How "zeroing" replaced discipline

The so-called "zeroing" in the Russian army became possible because of the corrupt officer corps and the criminal and poorly disciplined rank and file, says Fyodorov. He says that the officer corps in Russia began to deteriorate since the 1990s - then many people remained in the army because they could not realize themselves in civilian life, and these people compensated for their low salaries with corruption schemes: they got rich by making soldiers work for them for free. Now it is these officers who are fighting in Ukraine, says the military observer.

Experts agree that the Russian army in this war has also changed due to the fact that it has begun to replenish its ranks with mercenaries who fight for money, as well as with those convicted of serious crimes. In order to keep "this whole gang in submission, it is necessary to apply the most cruel methods", explains Fedorov and gives an example of this with the video in which mercenaries from the private army "Wagner" kill their comrade-in-arms with a hammer.

„First, in the Russian army, these cruelties were applied to mobilized from the occupied Ukrainian territories. Then came the prisoners, to whom the commanders also showed no mercy and used them as "cannon fodder". Then the same thing happened with the mobilized Russians. So gradually this spread to the entire army”, explains Matveev.

Why are "zeroings" not punished in the Russian army

The main reason for the existence of these barbaric practices is the lack of discipline in a military system that is not built normally, the expert is convinced. “All this gives rise to impunity. For serious war crimes – for example, the mass murders in Bucha and Mariupol – no one in the Russian army has been punished. This, in turn, sends a categorical signal that “people can be killed just like that, without anyone being held responsible for it”. And if Ukrainian citizens can be killed, then Russians can too. Matveev is convinced that “zeroing“ has replaced discipline in the Russian army. And because it does not combat the problem in any way, the phenomenon is spreading even more.

If torture, mockery, blackmail, "zeroing out" and other war crimes were stopped, the Russian army would not be able to fight, both experts are convinced. "In fact, its entire activity is based on impunity, on using soldiers as a resource, as slaves," explains Fedorov. Matveev gives such an example: "In any normal army, there is no situation in which you can afford to send 100 people simply to their deaths, because the commander would then immediately be brought before a tribunal. And here, let's take Pokrovsk, for example, they send 100 people to attack, of which 90 are eliminated by drones. Okay, the commanders say, but 10 people have broken through, so we send another 100, of which another 10 will reach the city and we will already have 20 people there. If the Russian army starts fighting in this way, they essentially admit that they cannot fight,“ concludes the expert.
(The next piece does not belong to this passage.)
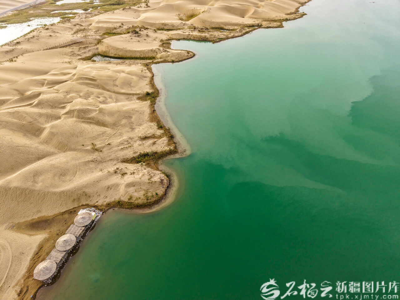 9月10日,航拍位于尉犁县墩阔坦乡的罗布人村寨景区美景。

The army “will eat the world around it”

Psychoanalyst Putilovskaya sees in “zeroing” a method of coercion, control and intimidation: “In such terrible conditions, soldiers die quickly and en masse. The authorities are not interested in building long-term relationships with people, since they know that new ones will soon come. Two things prevent the community, including during war, from falling apart: the emotional connection between people and the coercion of force. If one of the two falls away – and in this case the emotional component drops out – the second begins to prevail. In this case it turns into cruelty, forced to the maximum“.
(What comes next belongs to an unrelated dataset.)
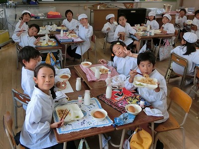 もちろん、パンに切れ目を入れスパゲッティをはさんで食べている子もたくさんいました。

Matveev also talks about another factor – the Russians do not understand why they are fighting: “The Ukrainian army, even in the most difficult moments for it, knows why it is fighting: it is defending its land. In the Russian army, most understand that this is just one big and vile war crime, consisting of many smaller crimes, with which they must come to terms”.

The practice of “zeroing”, according to Matveev, will end only with the end of the war, and in Putin's Russia no such crimes will be investigated, he is convinced. According to Fyodorov, the Russian army is turning into a huge criminal group that after the war “will not eat itself, but the world around it“.